▶ _Stored data_:

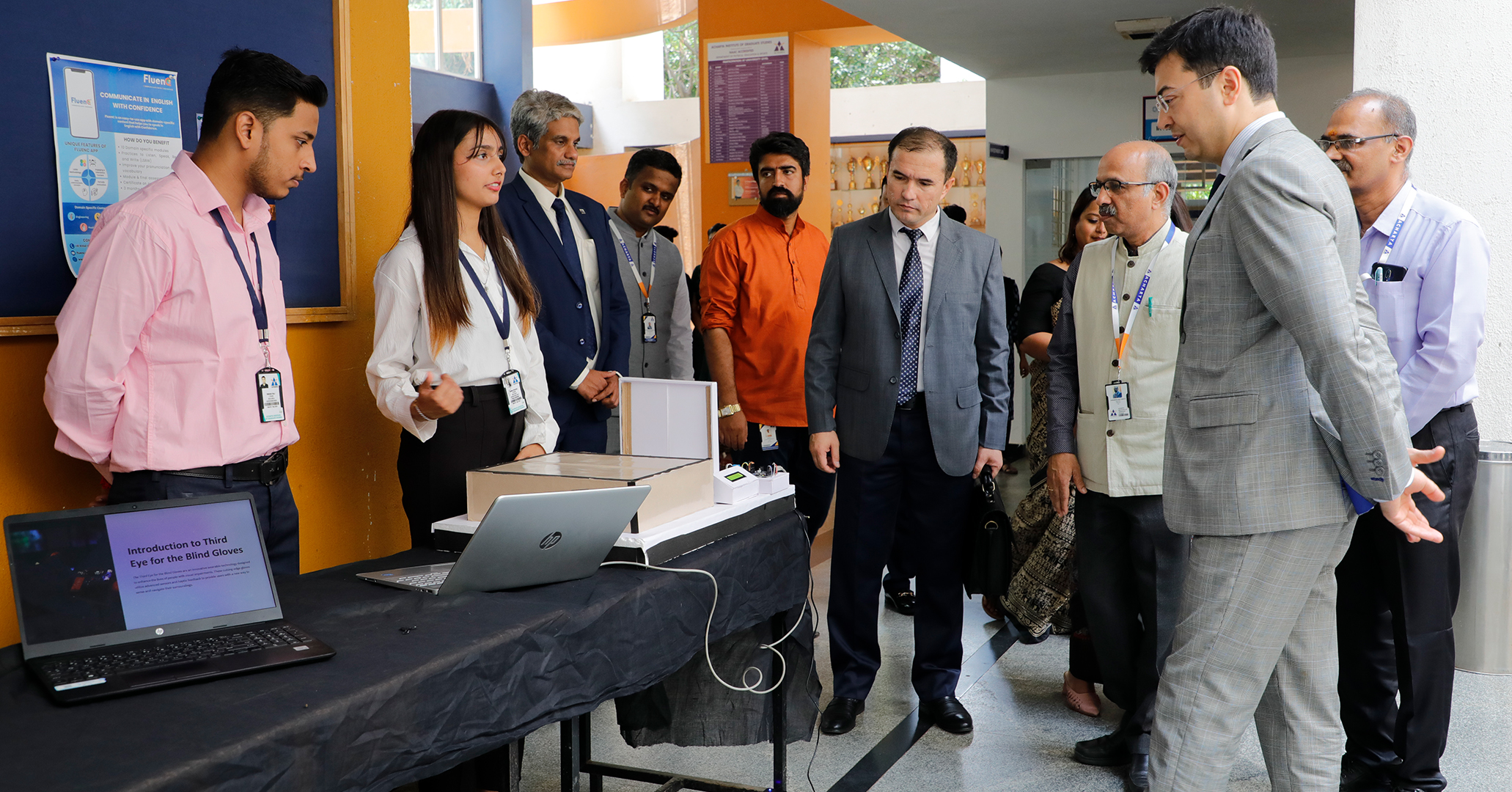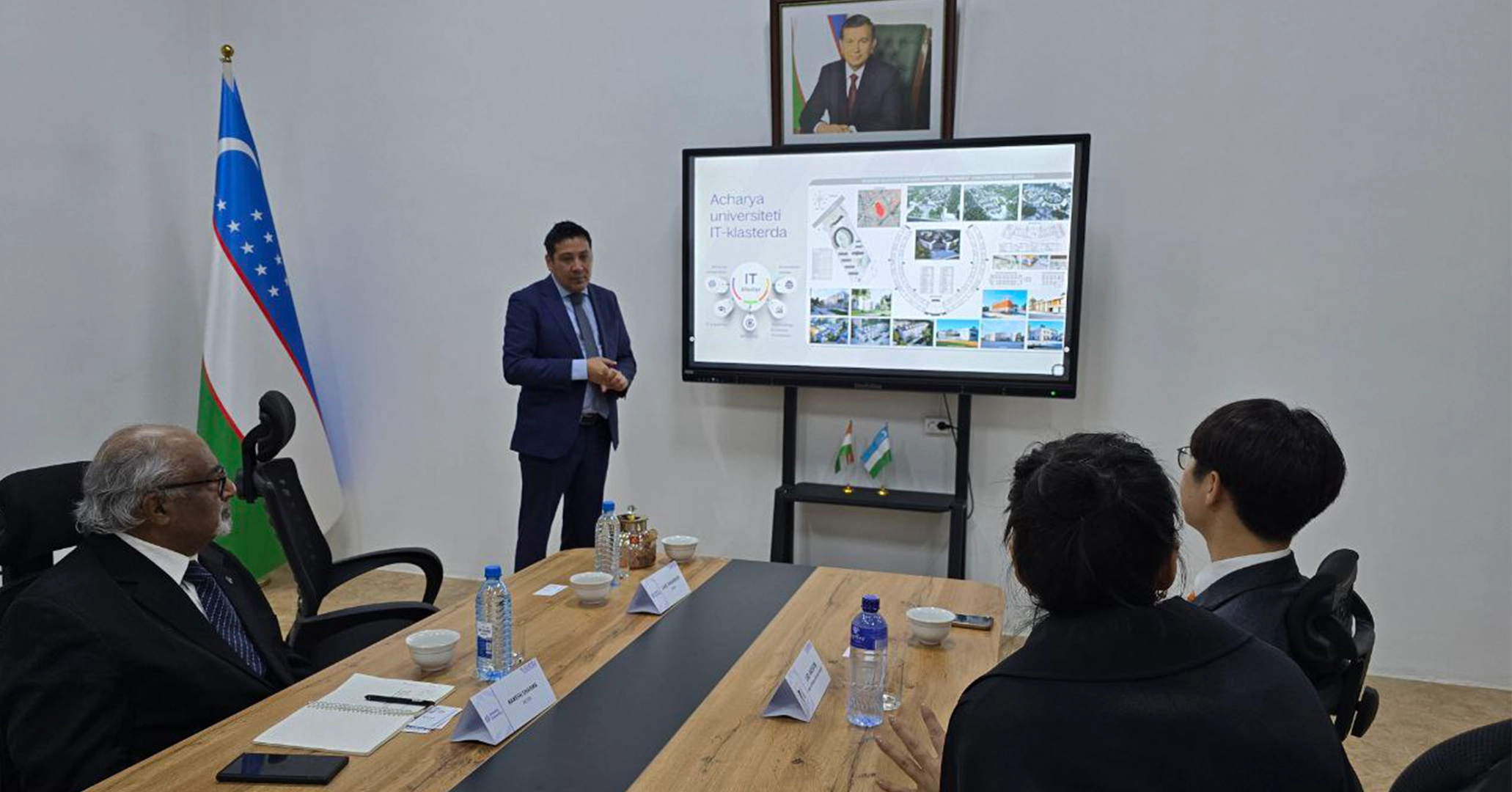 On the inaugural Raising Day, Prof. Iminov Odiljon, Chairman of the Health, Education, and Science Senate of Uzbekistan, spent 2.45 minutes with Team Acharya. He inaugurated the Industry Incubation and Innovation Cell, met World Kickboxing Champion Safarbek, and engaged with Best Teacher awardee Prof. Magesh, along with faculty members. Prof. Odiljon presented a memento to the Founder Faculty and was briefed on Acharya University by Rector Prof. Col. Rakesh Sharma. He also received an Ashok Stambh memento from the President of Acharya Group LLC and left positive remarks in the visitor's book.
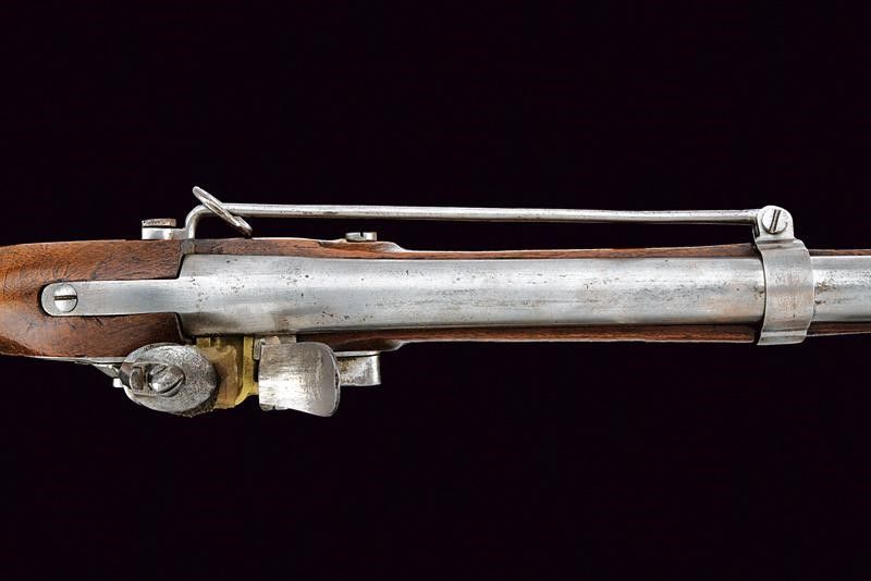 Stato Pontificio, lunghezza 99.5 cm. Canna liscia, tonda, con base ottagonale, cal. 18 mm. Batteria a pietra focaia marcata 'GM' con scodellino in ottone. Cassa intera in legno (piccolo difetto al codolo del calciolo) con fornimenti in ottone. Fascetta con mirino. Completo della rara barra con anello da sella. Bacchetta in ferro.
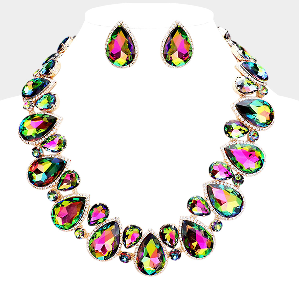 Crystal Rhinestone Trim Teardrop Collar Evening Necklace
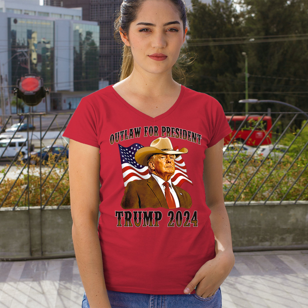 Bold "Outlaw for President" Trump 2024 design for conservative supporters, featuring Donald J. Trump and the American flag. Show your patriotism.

▶ _What the exercise asks_: From the first line to the last, retype the data exactly, without images.

▶ _Response for this exercise_:
 On the inaugural Raising Day, Prof. Iminov Odiljon, Chairman of the Health, Education, and Science Senate of Uzbekistan, spent 2.45 minutes with Team Acharya. He inaugurated the Industry Incubation and Innovation Cell, met World Kickboxing Champion Safarbek, and engaged with Best Teacher awardee Prof. Magesh, along with faculty members. Prof. Odiljon presented a memento to the Founder Faculty and was briefed on Acharya University by Rector Prof. Col. Rakesh Sharma. He also received an Ashok Stambh memento from the President of Acharya Group LLC and left positive remarks in the visitor's book.
 Stato Pontificio, lunghezza 99.5 cm. Canna liscia, tonda, con base ottagonale, cal. 18 mm. Batteria a pietra focaia marcata 'GM' con scodellino in ottone. Cassa intera in legno (piccolo difetto al codolo del calciolo) con fornimenti in ottone. Fascetta con mirino. Completo della rara barra con anello da sella. Bacchetta in ferro.
 Crystal Rhinestone Trim Teardrop Collar Evening Necklace
 Bold "Outlaw for President" Trump 2024 design for conservative supporters, featuring Donald J. Trump and the American flag. Show your patriotism.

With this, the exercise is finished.